While economic factors provide a balance against war for India, that is less true for Pakistan. To an extent, Modi is right when he says India exports software while Pakistan exports terrorism. Pakistan has no equivalent to the international software and information technology enabled services industry that drives so much of Indian export activity, and the country is much less prosperous.

Perhaps the surest way to economic prosperity in Pakistan is through the military. It is the most powerful institution in the country and arguably the only merit-based institution. Unfortunately many of its members view its reason for being as fighting India directly and through proxies. This is certainly true of the Pakistan Inter-Services Intelligence (ISI), the bureau in immediate control of covert activities.

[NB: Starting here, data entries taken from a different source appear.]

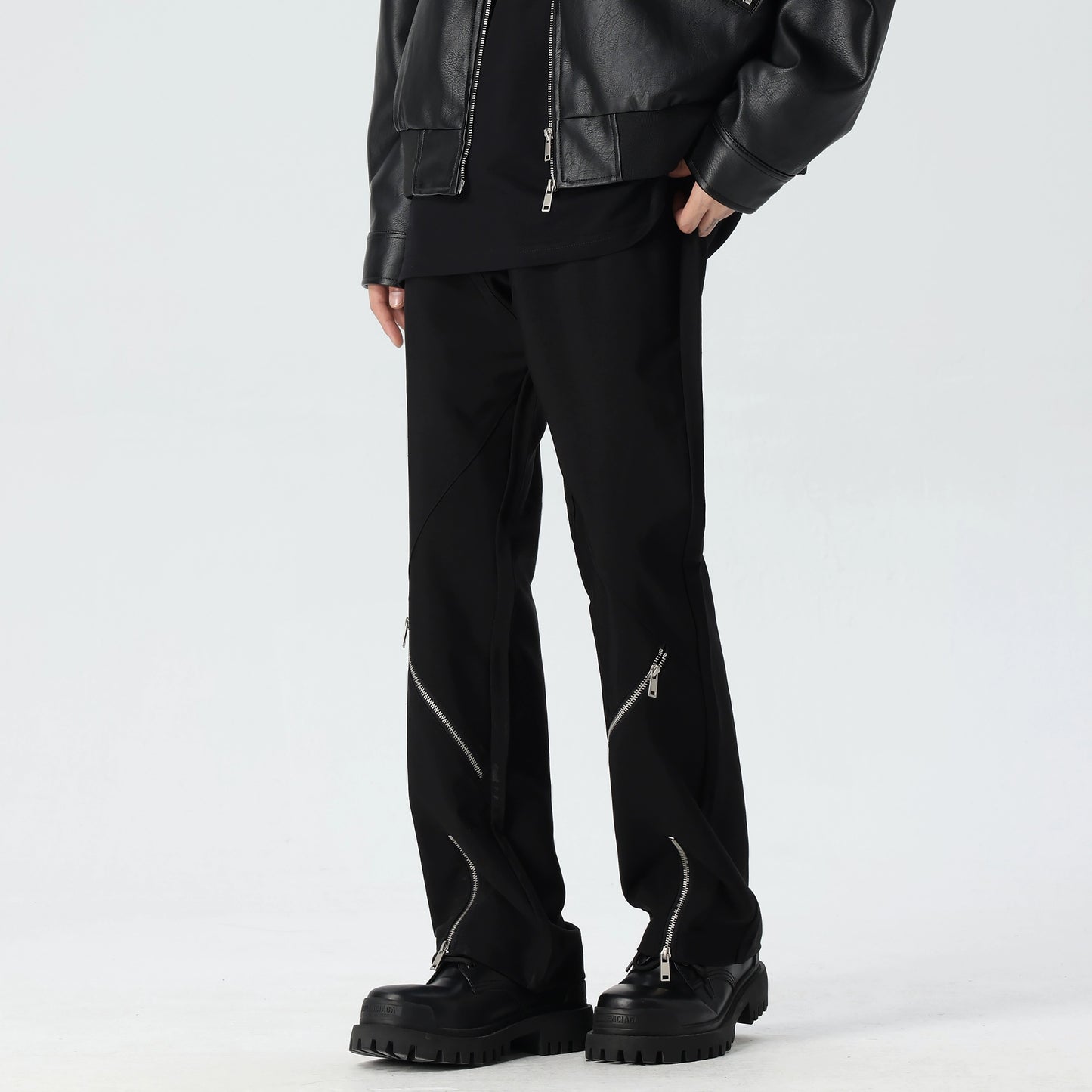 Zipper Hem Wide-Leg Straight Pants WN17616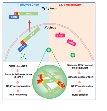 在此基础上,课题组进一步提出科学问题:在NPAT转运出核的时候,调控其相分离的关键分子及机理是什么?并于2026年1月2日于《Journal of Cell Biology》杂志再次发文,揭示了出核转运受体蛋白CRM1对核蛋白转运及凝聚的“一石二鸟”调控功能。研究人员通过免疫共沉淀及组学筛选,发现出核转运受体CRM1(exportin1)能够特异性地结合NAPT,并驱动NPAT的转运出核。课题组进一步确认了NPAT的凝聚受到CRM1的抑制,并鉴定了NPAT序列中受CRM1调控凝聚的关键序列。一系列生化实验揭示:在介导NPAT发生凝聚的关键序列中,隐藏着一段与CRM1结合的出核信号序列。因此,CRM1在介导NPAT出核的同时,还竞争性地破坏了其自我互作,并抑制其发生凝聚。我们将这一调控策略命名为“竞争性占据模型”。值得一提的是,CRM1的疾病相关突变则丧失了对NPAT凝聚的调控作用。本研究通过解析核蛋白NPAT在出核转运中调控凝聚的机制,阐明了核内无膜细胞器组蛋白基体的动态调控机理。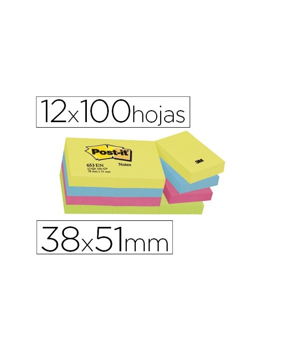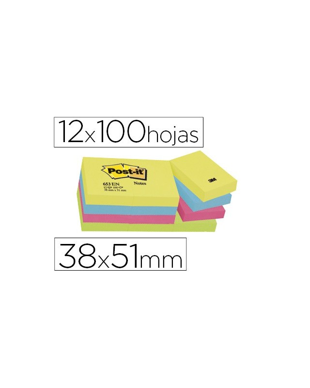 Bloc de notas adhesivas quita y pon post-it 38x51 mm neon pack de 12 blocs surtido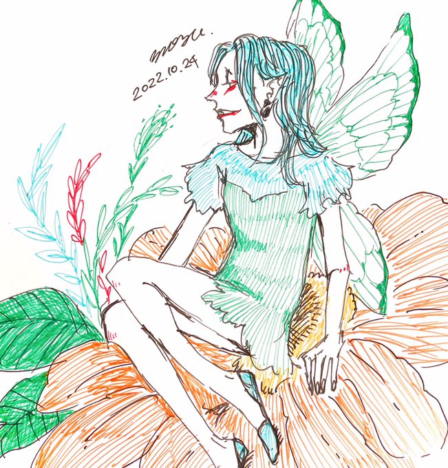 1 6 Day24「フェアリー」 花の上でひと休み🌼 #inktober2022 #インクトーバー2022 22/10/29 16:44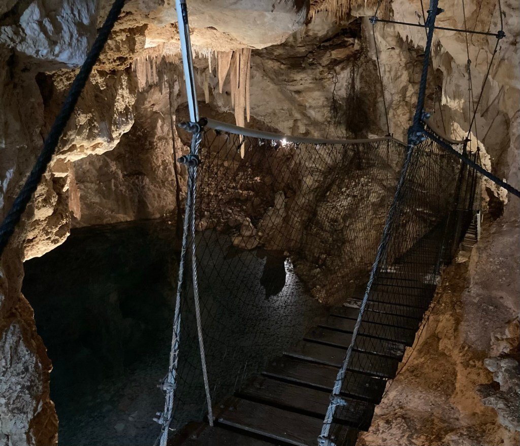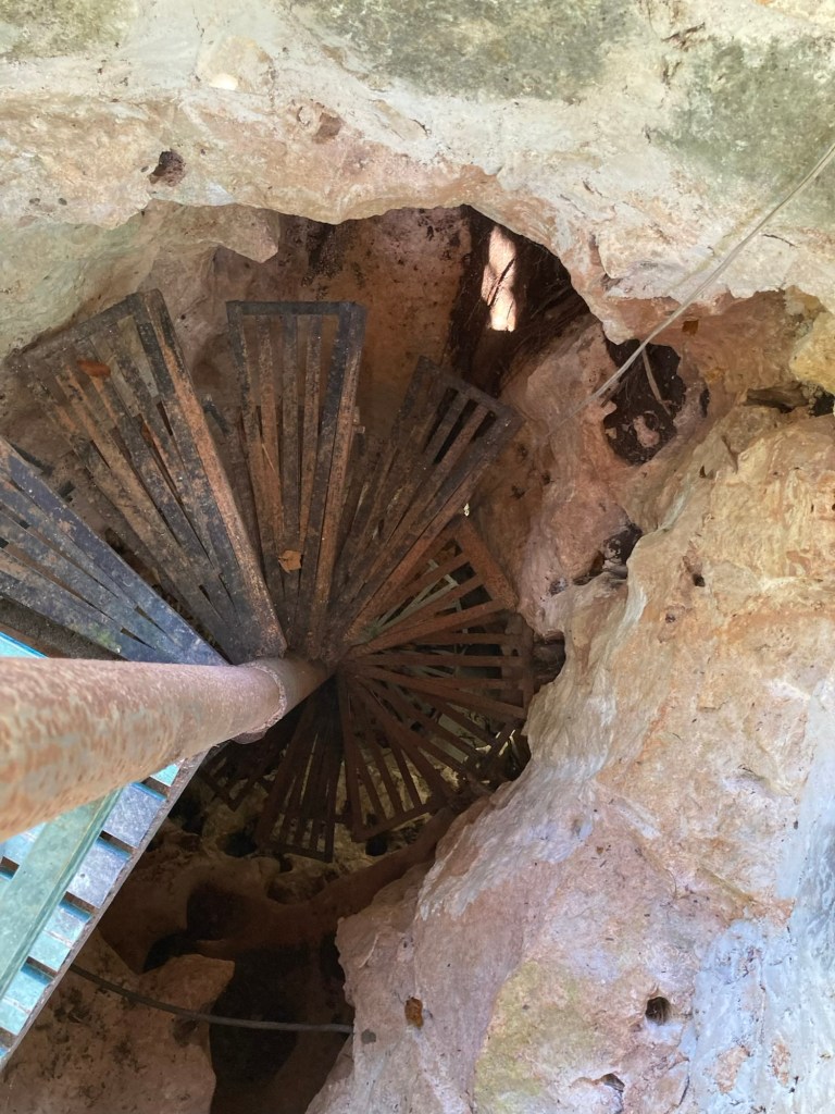 Die Cenote selbst ist etwas kribbelig zu erreichen. Wendeltreppe, Tunnel und Hängebrücke inklusive. Dann aber das glasklare Wasser.

Unless the Pakistani military changes this perception of itself and there are greater economic incentives outside the military, the reaction of Pakistan to even the most calibrated of India’s strategic actions can be radical escalation and disproportionate violence.

Thus, as in many adversarial endeavors, there are no right and wrong answers on how to deal with terrorism emanating from Pakistan. There are only answers that are better and those that are worse. So far, Modi’s approach balancing guns and butter seems the better answer.

Raymond E. Vickery Jr. is a global fellow at the Woodrow Wilson International Center for Scholars and former U.S. assistant secretary of commerce, trade development. He is also a senior advisor at Albright Stonebridge and Of Counsel at Hogan Lovells.